Surprisingly, binding of AMP-PNP to the AtAPSK·APS complex showed an endothermic interaction (Fig. 3C, Table 3), which markedly contrasts with the exothermic binding displayed by nucleotides to either unliganded or liganded enzyme. Although binding of nucleotides to AtAPSK can occur in either order (Fig. 1A), the two possible routes leading to formation of the AtAPSK·ATP·APS ternary complex are not thermodynamically equal. This difference in binding energetics may reflect structural and/or dynamic differences in the active site that correspond to the order of ligand addition.

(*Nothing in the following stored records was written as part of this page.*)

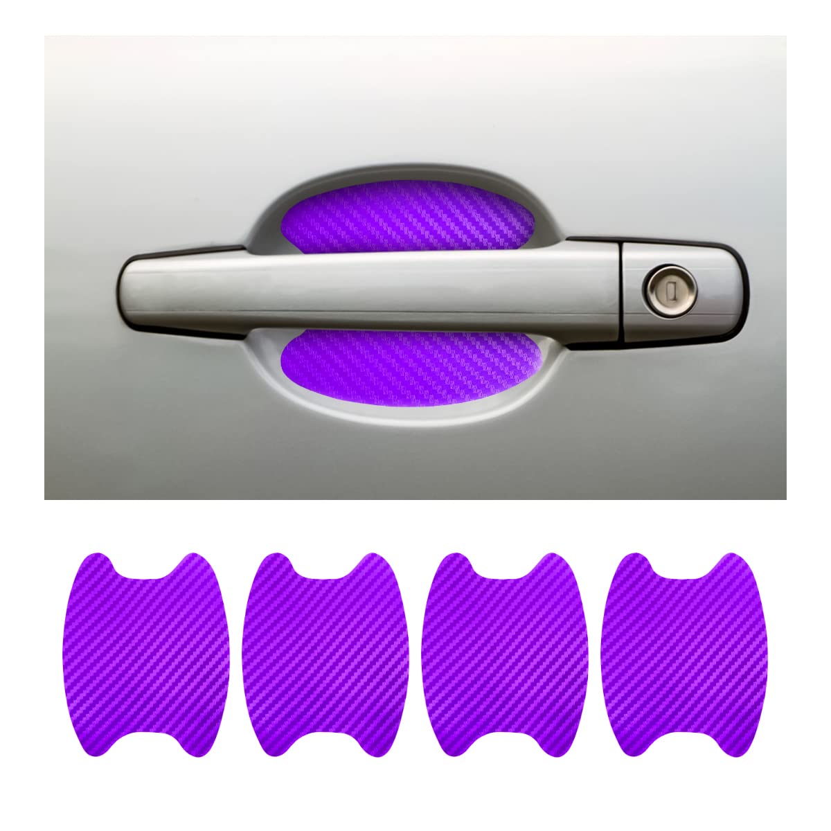 4PCS Carbon Fiber Door Handle Cup Stickers, Auto Scratch Protective Film, Non-Marking Bowl Protector, Paint Cover Guard Universal for Most Cars, SUV, Van (Purple)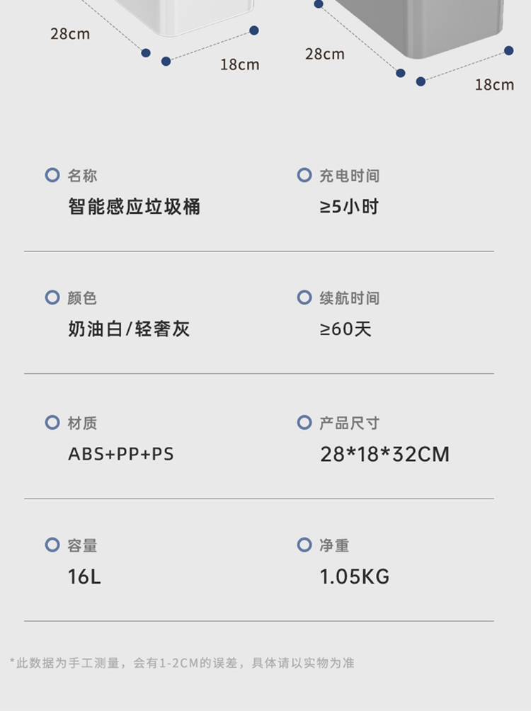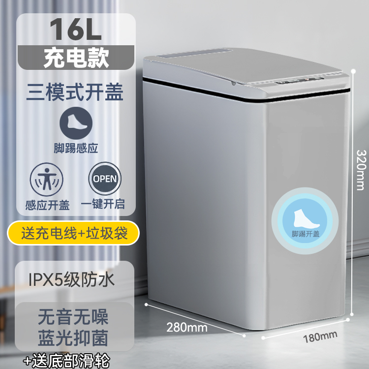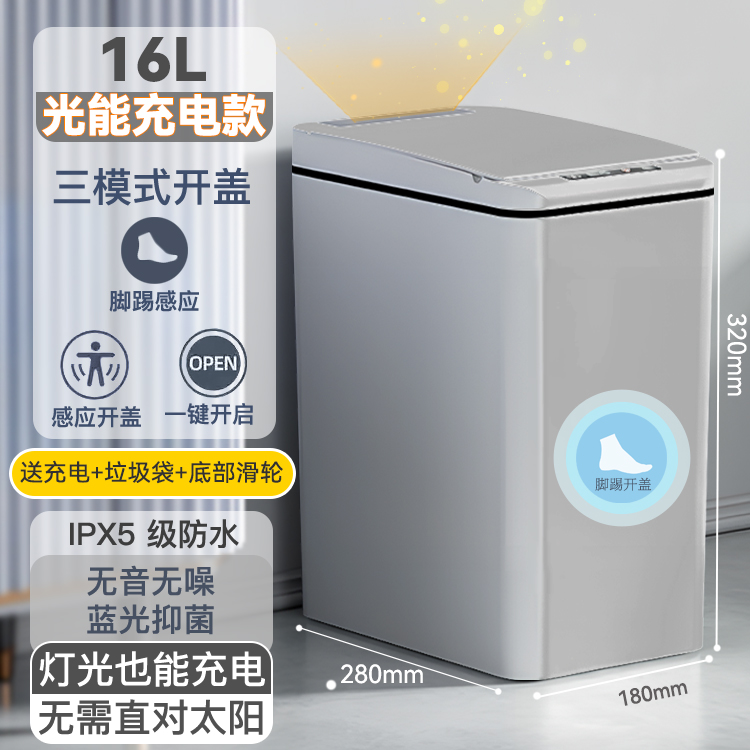 • ✅16리터 라이트 럭셔리 그레이 - 광에너지 전기 에너지 듀얼 충전 [스마트 센서 + 킥 + 버튼 + 블루라이트] 풀리 포함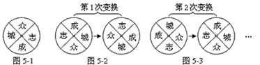 | 有一個(gè)四等分轉(zhuǎn)盤,在它的上、右、下、左的位置分別掛著“眾”、“志”、“成”、“城”四個(gè)字牌,如圖5-1.若將位于上下位置的兩個(gè)字牌對(duì)調(diào),同時(shí)將位于左右位置的兩個(gè)字牌對(duì)調(diào),再將轉(zhuǎn)盤順時(shí)針旋轉(zhuǎn)90。,則完成一次變換.圖5-2,圖5-3分別表示第1次變換和第2次變換.按上述規(guī)則完成第9次變換后,“眾”字位于轉(zhuǎn)盤的位置是 |

Calorimetric, Crystallographic, and Mutagenesis Analysis of P-loop Recognition of Oxyanions

The above results, along with crystal structures of APSK from a variety of sources (2530), suggests that the P-loop (Fig. 1B) plays a role in nucleotide binding specificity at the ATP/ADP site of AtAPSK. We tested the ability of the P-loop to discern ligands based on anhydride size and charge density by using a series of oxyanions: SO42−, PO42−, NO3, CO3, and ClO3. Titrations of AtAPSK with SO42− resulted in an exothermic heat change (Fig. 4A), but weak binding did not allow for accurate curve fitting. No heat change was observed in titrations with other oxyanions (Fig. 4A). To probe the location of SO42− binding, AtAPSK preincubated with 10 mm SO42− was titrated with ATP, ADP, and APS. Preincubation abrogated binding of ATPγS and ADP (Fig. 4B). In contrast, pre-formation of the AtAPSK·SO42− complex resulted in 10- to 100-fold improvement in binding affinity for APS (Fig. 4C, Table 4), analogous to the effect observed with formation of the AtAPSK·AMP-PNP and AtAPSK·ADP complexes. These results suggest that the sulfate-binding site is likely located within the ATP/ADP site, which was confirmed by x-ray crystallography.

FIGURE 4.

FIGURE 4.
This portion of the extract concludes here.